When is saying i love you too much
YOLO, guys. And it's true, I think, as long as it's not disingenuous, too much is better than too little, especially if your partner is the type who needs it to feel appreciated.
Some people don't need a special overwhelming reason to say it. You can say it all the time and still feel like it's special all the time. When thinking about how often to say it, it's important to remember that withholding saying it shouldn't be used a as a weapon. If you say it and someone doesn't say it back, it's an awful, awful feeling. So even when you're fighting, you should still say it, especially if you're a couple that says it a lot.
It seemed like if you're someone who says it, you're saying it once a day. At least. Sometimes way more. And it's awful when you do see it becomes a tool in a fight but, as this post shows, just because it's put you in a vulnerable position or you've been hurt before, doesn't mean it should carry through into your next relationship. Bottom line? You should say it as often as works for you, but I mean you both— you as a couple. In this insightful book, Dr. Chapman explains that we all have a tendency to show love in the same way that we feel the most loved ourselves.
These five love languages are:. As you look at this list, think about the ways in which you feel the most loved. If, for example, you feel the most loved through physical touch holding hands, a shoulder massage, or a tender touch to your cheek , then you will also show love in that same way by default.
This is your love language. Your spouse likely has a different love language than you and therefore, will not feel the most loved through physical touch. Their primary way to give and receive love might be through words of affirmation. This sets up a scenario where you are touching and being affectionate to show love, but your spouse does not seem to respond to you in the same way. In other words, your spouse does not feel your love because you are speaking a different language.

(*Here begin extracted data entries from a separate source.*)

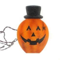 Stony Creek 7.5″ Lighted Pumpkin With Hat Spider Jack O Lantern – Novelty Sculpture Lights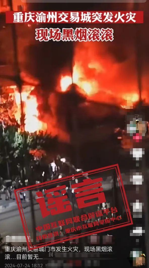 謠 言  重慶渝州交易城突發(fā)火災(zāi)?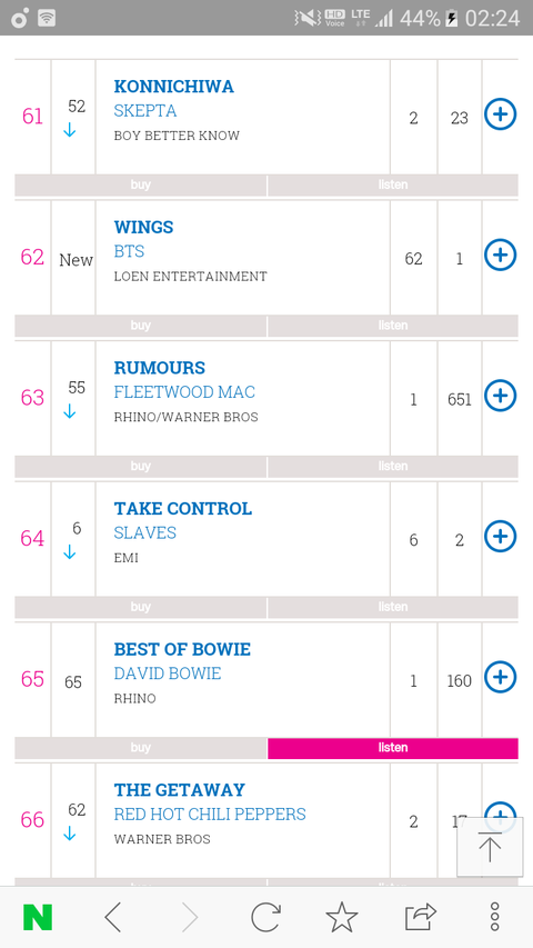 싸2는 싱글차트에서 1위한거고 앨범차트에서는 방탄이 최초로 62위에 들어감

If this sounds familiar, you may even be feeling like you are doing all of the loving and pursuing in your relationship. This can feel very one-sided and be a strain on any relationship.
What if, on the other hand, you took the time to understand the ways in which your spouse feels the most loved — their love language. Then you could learn to be more deliberate to offer words of affirmation and help your spouse to feel loved and appreciated.
Now back to our opening story. In neuro-linguistic programming NLP , people are described to take in information and learn in three different ways…. Our newsletter subscriber may be an auditory learner she may like to hear information and her partner may prefer to get and give information in one of the two other ways.
He may prefer demonstrations of love as opposed to saying it or he may prefer written notes of love. Listen, truly listen, to how your partner wants to be loved. Understand why your partner has that view.